I Quaderni nascono da un progetto editoriale di Ferruccio Giacanelli, progetto che sarà coordinato da Tullio Seppilli, per conto della Fondazione Angelo Celli, che diventerà poi Fondazione Alessandro e Tullio Seppilli. 
(Alle esperienze migratorie dei due Seppilli e di Anita Schwarzkopft Seppilli, a causa delle leggi razziali del 1938,  sono dedicate le pagine a ciascuno di loro intestate nel portale in progress di Patrizia Guarnieri (università di Firenze), Intellettuali in fuga dall'Italia fascista (FUP2023-). https://intellettualinfuga.com/it/elenco_intellettuali)
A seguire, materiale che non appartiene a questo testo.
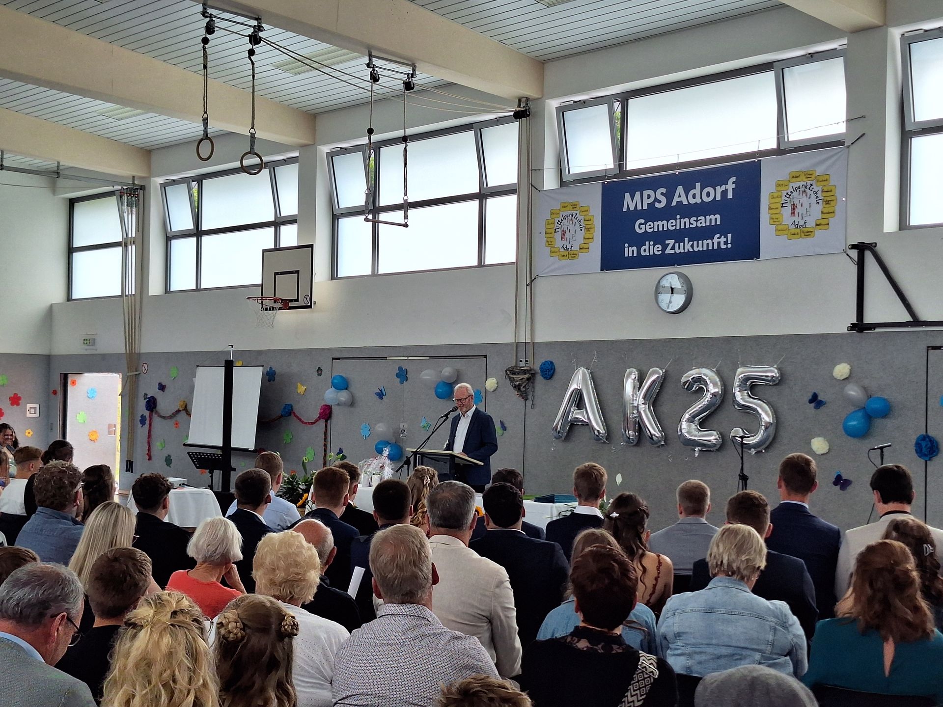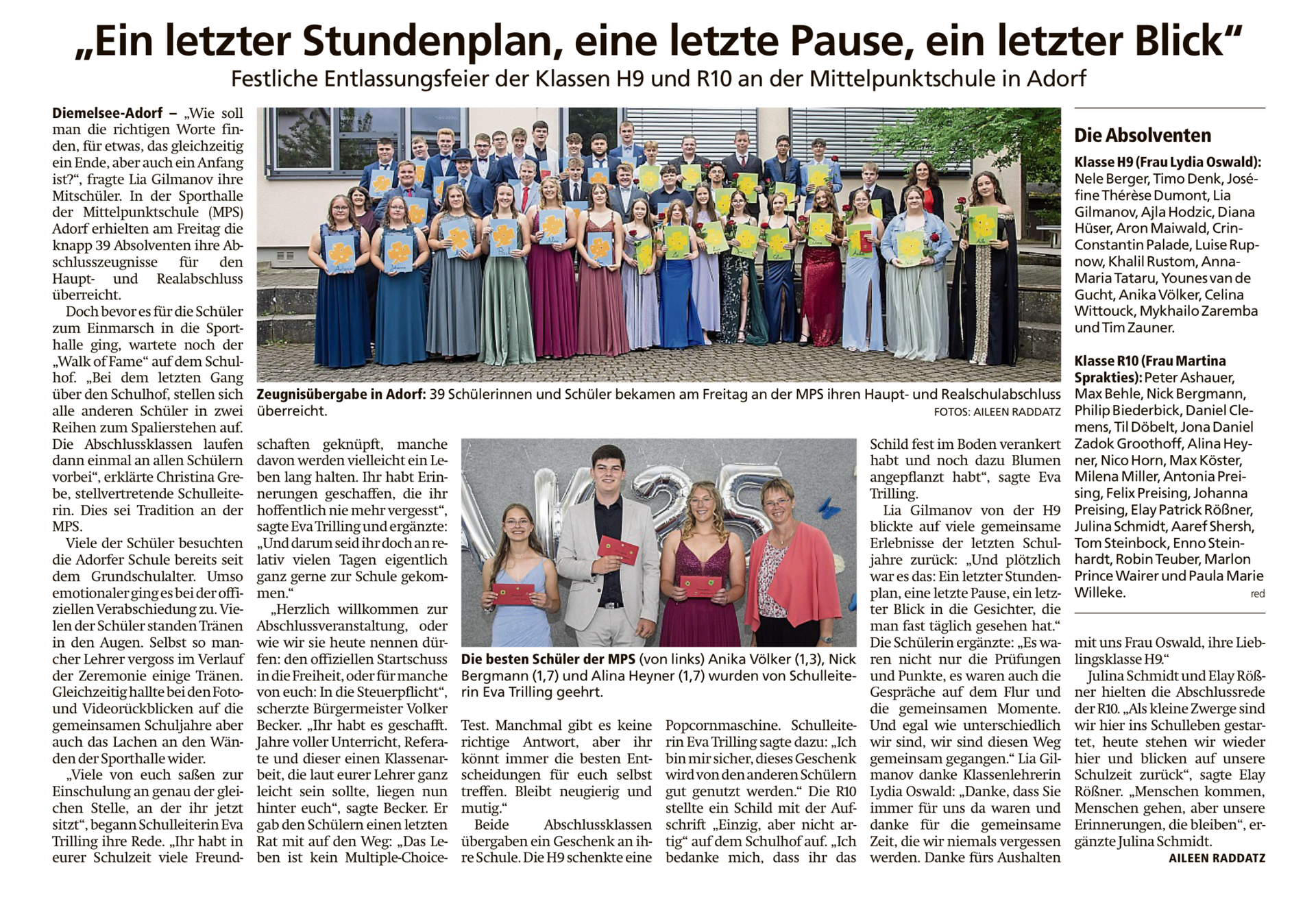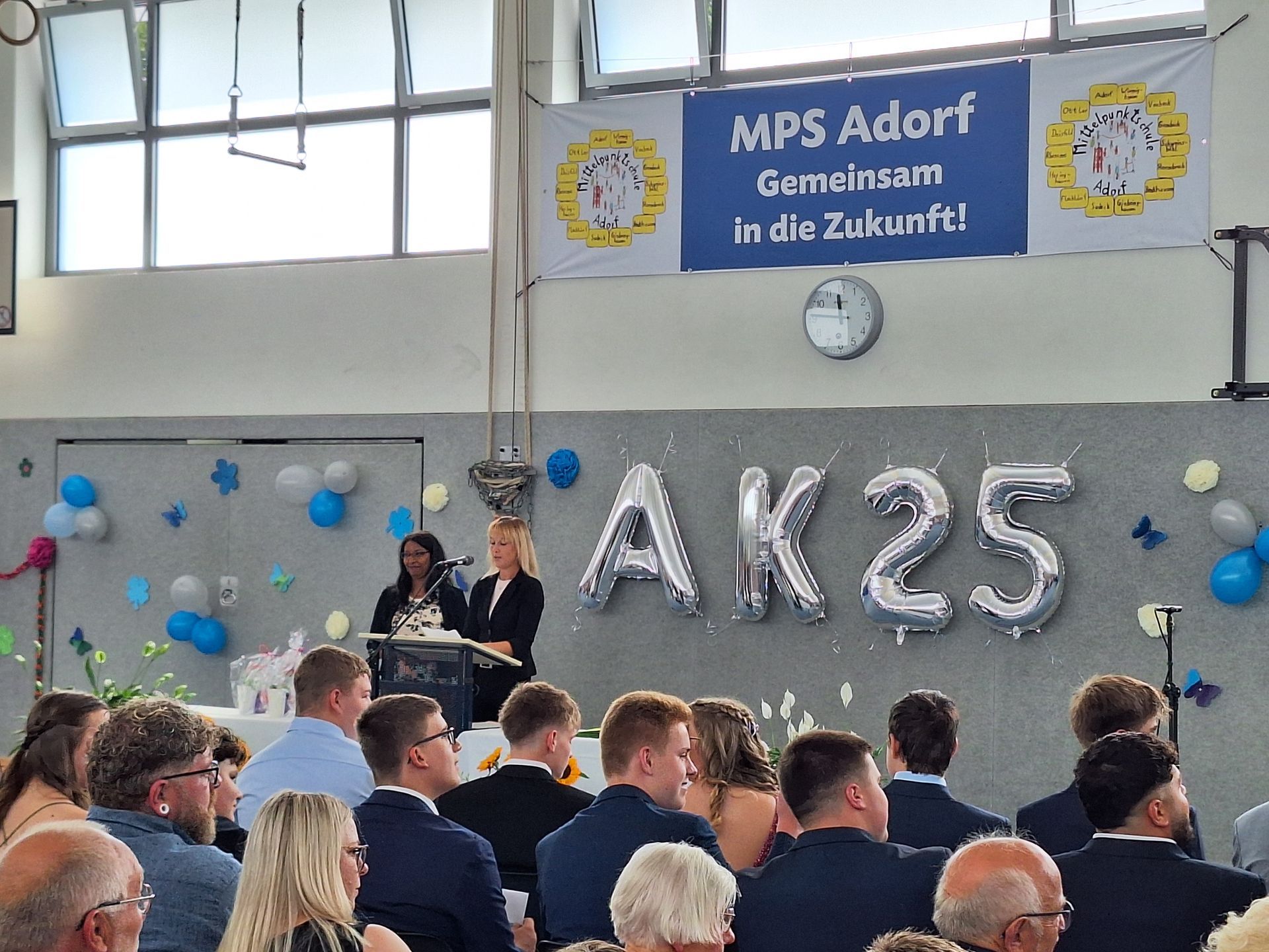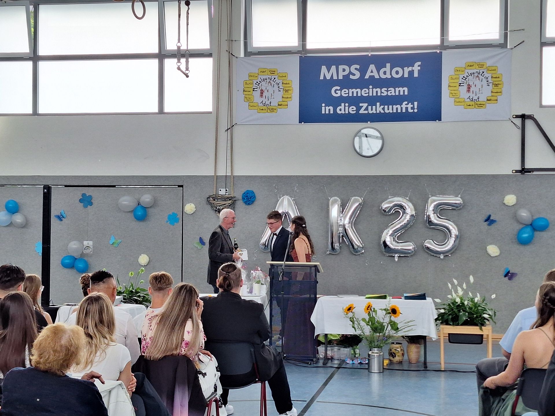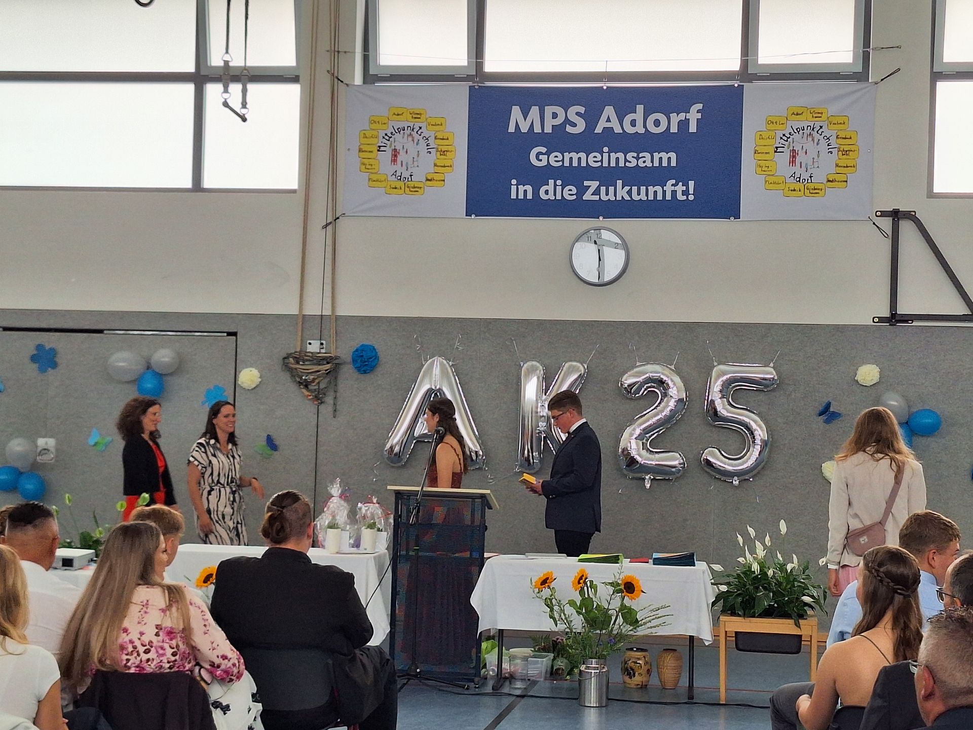 Mit kurzen Worten, aber mit Unterstützung einer Dia-Show ließen beide Abschlussklassen ihre Zeit an der MPS Adorf noch einmal Revue passieren. Die Bilder und Videos zeigten, dass es viele schöne und lustige Momente während der neun oder zehn Jahre in Adorf gab. Im Anschluss wurden die Lehrerinnen und Lehrer, die die Abschlussklassen über all die Jahre begleitet hatten, mit Geschenken bedacht.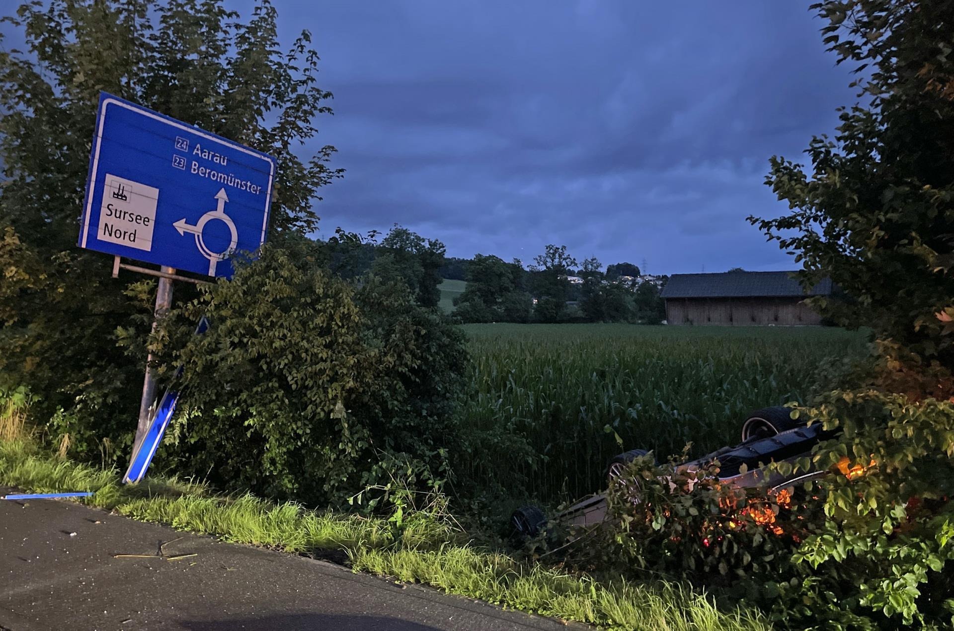 Bei einem Selbstunfall auf der Surentalstrasse in Schenkon landete ein Auto auf dem Dach. Es entstand Sachschaden in der Höhe von rund 50'000 Franken.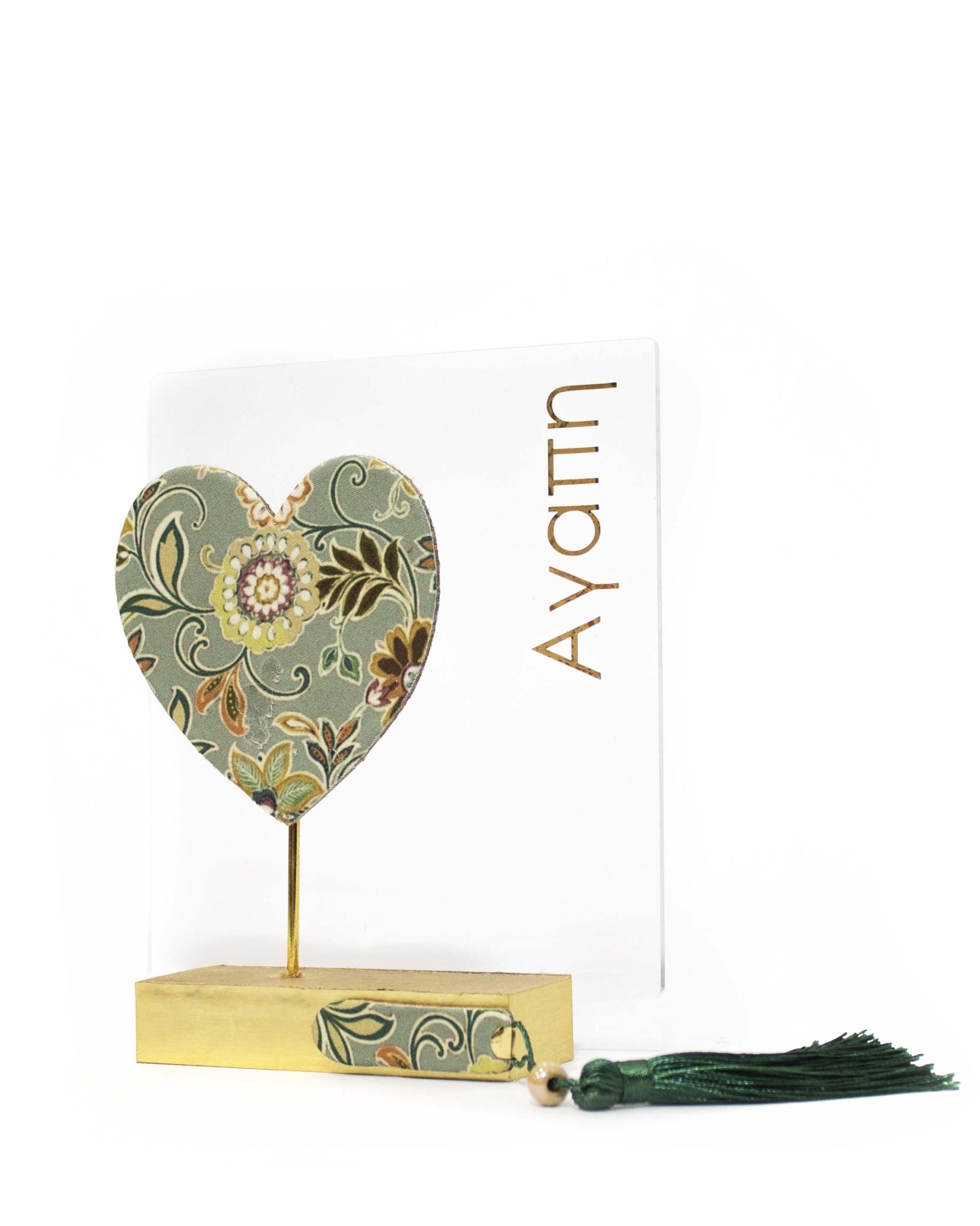Χειροποίητο γούρι 2026 με υφασμάτινη καρδιά σε ξύλινη βάση και πλάτη απο plexiglass  με ευχή ΄΄αγάπη΄΄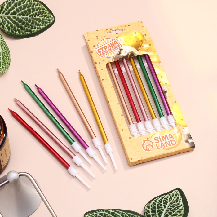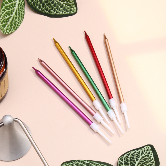 Свечи в торт коктейльные "Шайн", 6 шт, 10 см, металлик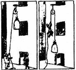 25.如下图所示为黄石货运码头的繁忙的景象:塔式起重机正吊起钢板装到船上(图a);电动叉车载着木箱运到仓库里去(图b);电动机带动传送带将一包包水泥匀速送到岸边堆放,等待装船(图c);工人将油桶沿斜面滚上卡车运离码头(图d).请你观察四幅中所示的机械和工作情景,写出你知道的部件所包含的物理知识或根据工作情景写出相关的物理知识,参照示例完成下表.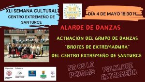 18:30h.- Alarde de danzas con nuestro grupo de baile Brotes de Extremadura en nuestros locales sociales, nos presentó una muestra del gran folclore Extremeño.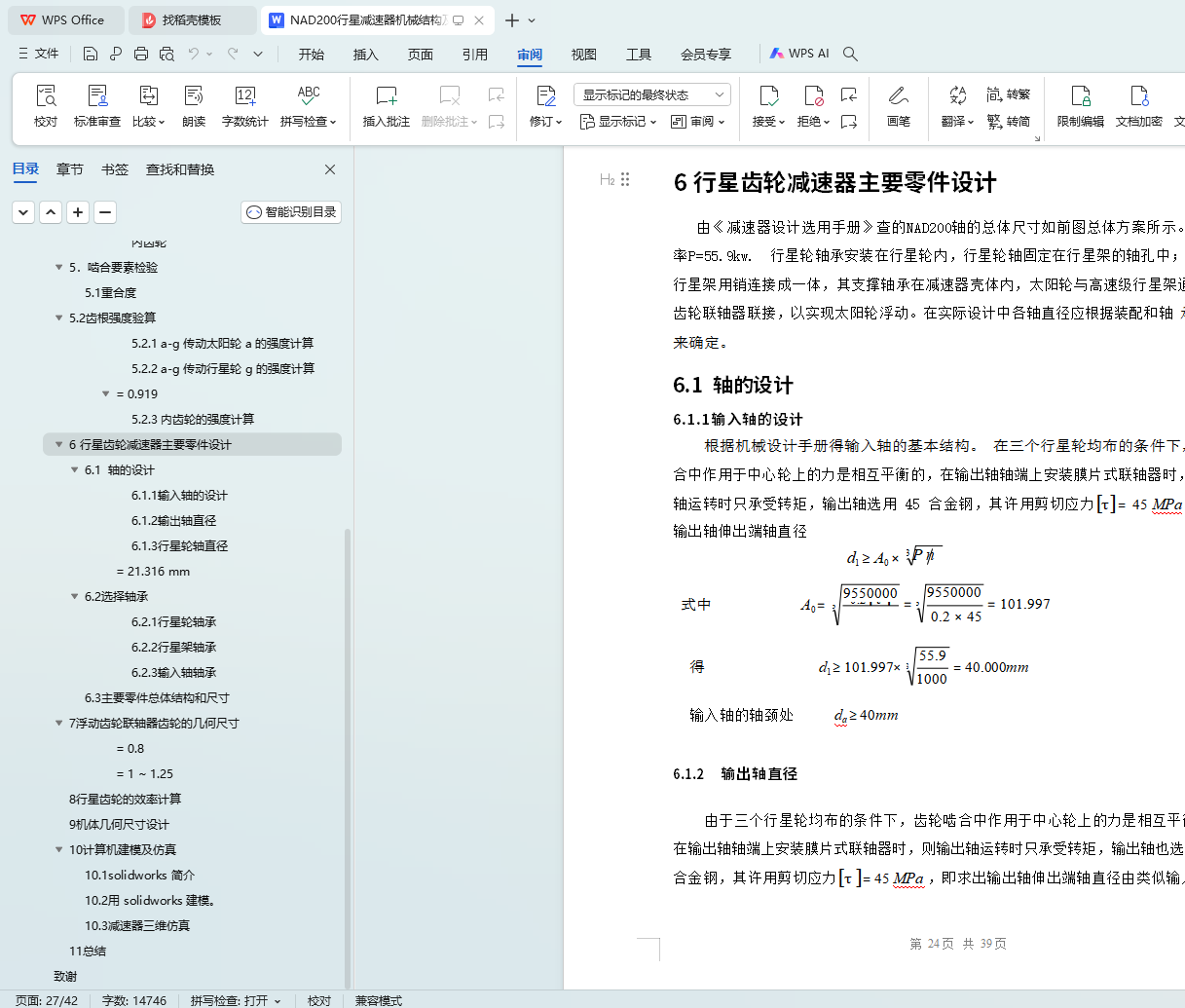 6.1.3行星轮轴直径 25

Il primo Quaderno è di Ferruccio Giacanelli, edito nel Settembre 2014 per la Fondazione Angelo Celli, si intitola “Nascita del movimento antimanicomiale umbro” e ricostruisce a partire dal 1965 gli anni del rinnovamento del modello assistenziale, centrato sull’Ospedale Psichiatrico di Perugia, fino alla costituzione dal 1970 di una reta assistenziale di tipo territoriale, alternativa all’Ospedale e centrata su dieci Centri di Igiene Mentale diffusi nell’intera provincia.

Ferruccio Giacanelli, Assemblea popolare per la Riforma dell’assistenza psichiatrica, Perugia, Sala dei Notari, 1969

Il Quaderno si sofferma alle pagg. 37-40 anche sulla storia della Rivista, all’epoca denominata “Annali di Neurologia e Psichiatria dell’Ospedale Psichiatrico di Perugia”, Annali di cui Giacanelli è stato un animatore culturale, in quanto coordinatore della redazione scientifica dal 1958 al 1972, data del suo trasferimento a Parma su invito di Franco Basaglia in qualità di vicedirettore dell’Ospedale di Colorno, di cui diventerà Direttore a partire dal 1975.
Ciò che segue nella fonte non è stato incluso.